Now I have lots if old code that I’ll update, “one day”.
However, even my old code, terrible as it is, does not overheat anything, and can process massively larger sets of data than 60,000 rows without any issue except poor efficiency.
60k isn’t that much, I frequently run scripts against multiple hundreds of thousands at work. Wtf is he doing? Did he duplicate the government database onto his 2015 MacBook Air?
A TI-86 can query 60k rows without breaking a sweat.
If his hard drive overheated from that, he is doing something very wrong, very unhygienic, or both.
He probably mining crypto on top of running his SQL queries.
There must be more join statements than column names
Seriously - I can parse multiple tables of 5+ million row each… in EXCEL… on a 10 year old desktop and not have the fan even speed up.

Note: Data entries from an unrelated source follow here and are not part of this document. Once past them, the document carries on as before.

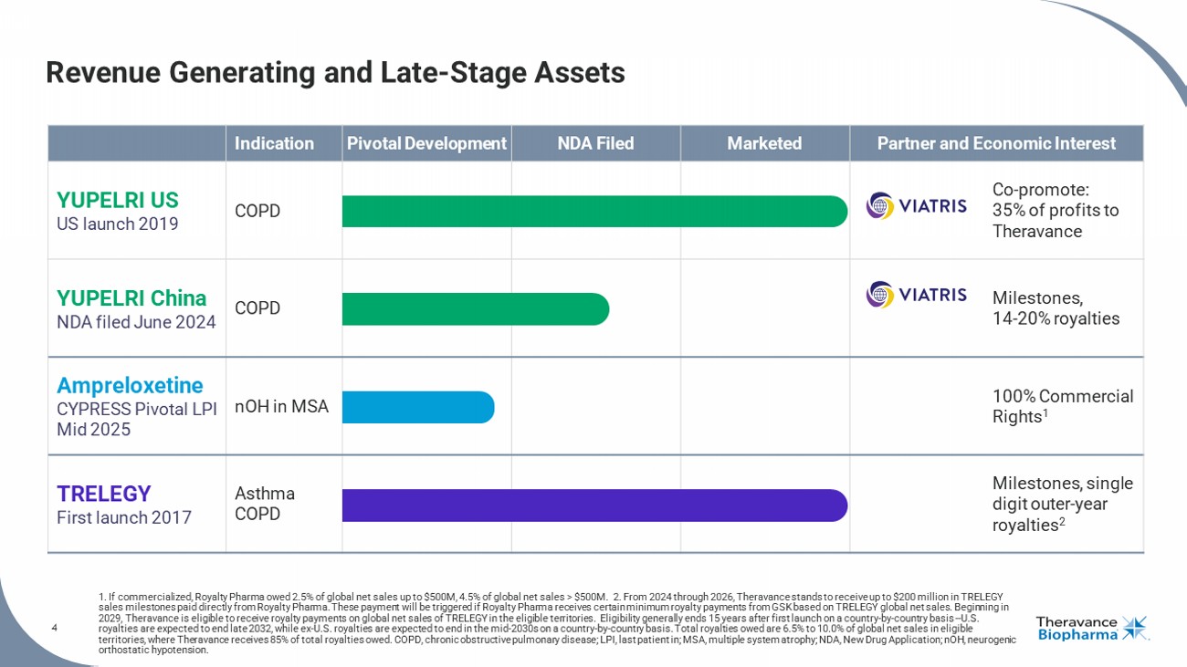 3 Theravance Biopharma – Medicines That Make a Difference  YUPELR I  – First - in - class nebulized long - acting muscarinic antagonist (LAMA) for chronic obstructive pulmonary disease (COPD) Ampreloxetine – Potential first - in - class therapy targeting neurogenic orthostatic hypotension ( nOH ) in Multiple System Atrophy (MSA) TRELEGY – First FDA approved triple therapy for maintenance treatment of asthma/COPD 1 Commercial stage company with unique, late - stage asset Experienced team focusing on respiratory and neurology indications with high unmet needs Partnership with Viatris and economic interest in GSK’s TRELEGY drive revenue through significant value inflection Formed as a 2014 R&D spin - off of Theravance, Inc. Revenue Generating and Late - Stage Assets Corporate Profile 1. From 2024 through 2026, Theravance stands to receive up to $200 million in TRELEGY sales milestones paid directly from Royalty Pharma. These payment will be tri gg ered if Royalty Pharma (RP) receives certain minimum royalty payments from GSK based on TRELEGY global net sales. Beginning in 2029, Theravance is eligible to receive royalty payments on global net sales of TRELEGY in the eligible territories. Eligibility generally ends 15 years after first launch on a country - by - country basis -- U.S. royalties are expected to end late 2 032, while ex - U.S. royalties are expected to end in the mid - 2030s on a country - by - country basis. Total royalties owed are 6.5% to 10.0% of global net sales in eligible territories, where Theravance receives 85% of total royalties owed.
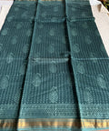 Pure Chanderi saree comes with golden zari maheswari border with printed pallu and running blouse pc
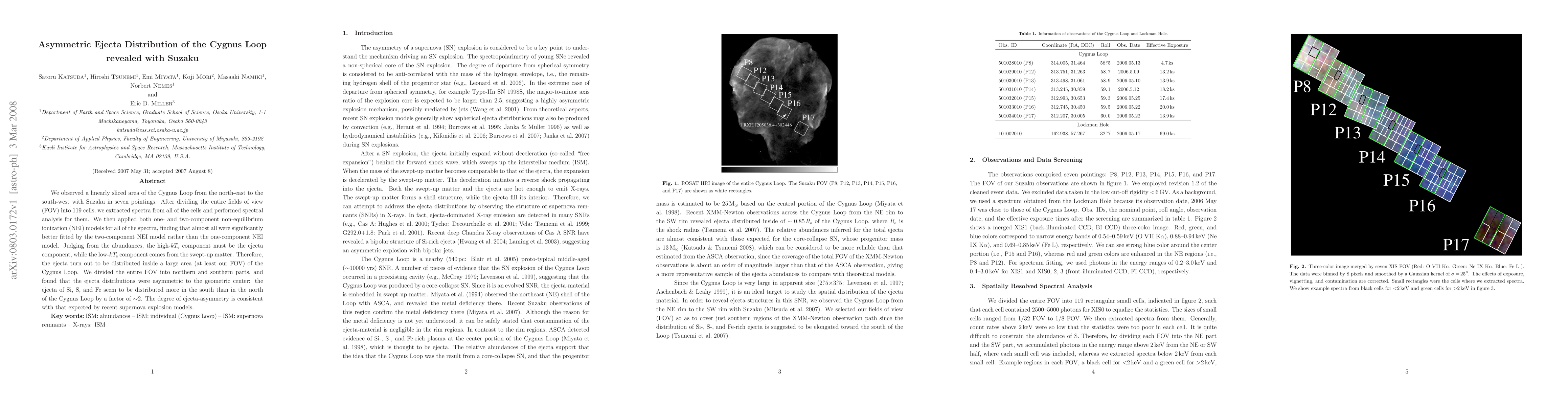 Using Suzaku observations, researchers analyzed the Cygnus Loop's ejecta distribution, finding it asymmetric with more ejecta (Si, S, Fe) in the south than north. This aligns with recent supernova explosion models.

Even the legacy Access database I work with handles multiple million+ row tables better than that.
Sounds like the kid was running his AI hamsters too hard and they died of exhaustion.
I’d do that if I was given so much stupid access
No, its an external drive, appearently.
deleted by creator
my hard drive overheated
So, this means they either have a local copy on disk of whatever database they’re querying, or they’re dumping a remote db to disk at some point before/during/after their query, right?
Either way, I have just one question - why?
Edit: found the thread with a more in-depth explanation elsewhere in the thread: https://xcancel.com/DataRepublican/status/1900593377370087648#m
So yeah, she’s apparently toting around an external hard drive with a copy of the “multiple terabytes” large US spending database, running queries against it, then dumping the 60k-row result set to CSV for further processing.
I’m still confused at what point the external drive overheats, even if she is doing all this in a “hot humid” hotel room that she can’t run any fans I guess because her kids were asleep?
But like, all of that just adds more questions, and doesn’t really answer the first one - why?
My one question would be “How?”
What the hell are you doing that your hard drives are overheating? How do you even know it’s overheating as I’m like 90% certain hard drives (except NVMe if we’re being liberal with the meaning of hard drive) don’t even have temperature sensors?
The only conclusion I can come to is that everything he’s saying is just bullshit.
Hard drives do get hot and need some cooling but not at 60k rows. Its either made up or their computer case is made of thermal cladding
You could query 60,000 rows on a low tier smart phone. Makes no sense at all.
Can we think of any device someone might have that would struggle with 60k? Certainly an ESP32 chip could handle it fine, so most IoT devices would work…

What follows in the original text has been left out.